Le decisioni dipendono quasi sempre dalle reazioni dei due estremi,
il passivo e l'attivo.
Se da ragazzo non fosse caduto dalla bici di un amico mentre seguiva
un gruppo di marciatori che si stavano allenando per una competizione,
probabilmente in seguito si sarebbe dedicato alla fotografia, l'hobby
che più lo attraeva; invece cominciò a marciare, spinto
dall'imitazione per quegli atleti in cui si era imbattuto.

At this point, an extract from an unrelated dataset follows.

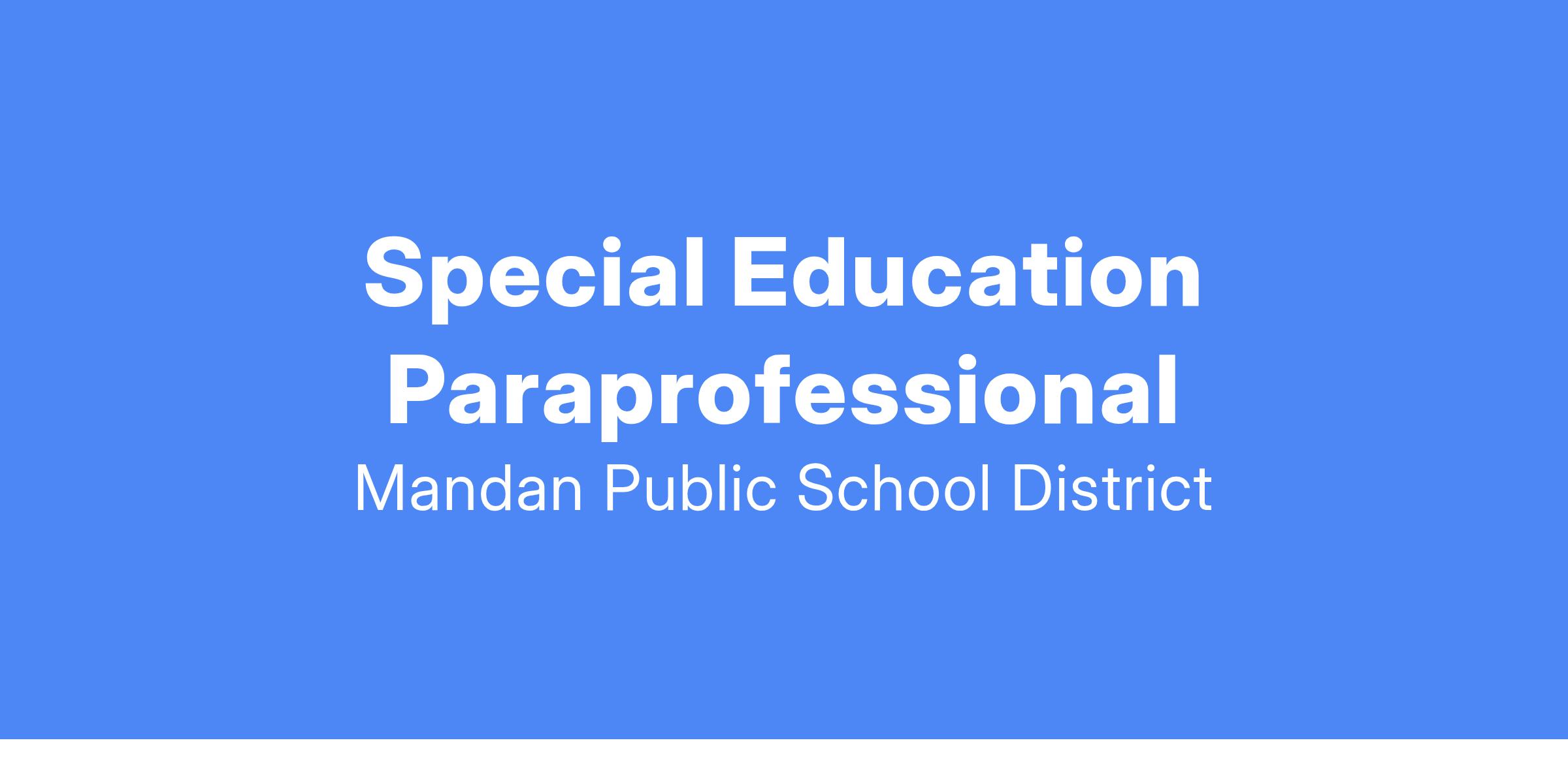 Mandan Public Schools is currently seeking to hire a Special Education Paraprofessionals for the 2025-2026 school year. This position is full time and follows the school calendar. Full benefit package is included for employees working 30 or more hours/week.

Mosso dalla necessità di esprimere la sua creatività,
la espresse al meglio attraverso la marcia atletica. Iniziò così
una carriera internazionale di marciatore che lo vide protagonista dal
1908 al 1939, alternando la vocazione per quello sport di fatica all'obbligo
della vita, con il lavoro di tornitore prima, e di assicuratore poi.
Fu uno dei principali atleti di inizio '900, tanto che la stampa e gli
addetti ai lavori identificarono in Binda, Girardengo, Bosisio e Pavesi
i migliori rappresentanti dello sport italiano nel mondo. La gara che
meglio esprimeva le sue qualità pedestri era la cento chilometri
organizzata dalla "Gazzetta dello Sport": ne vinse sei, ottenendo
anche nel 1924 la miglior prestazione mondiale della specialità.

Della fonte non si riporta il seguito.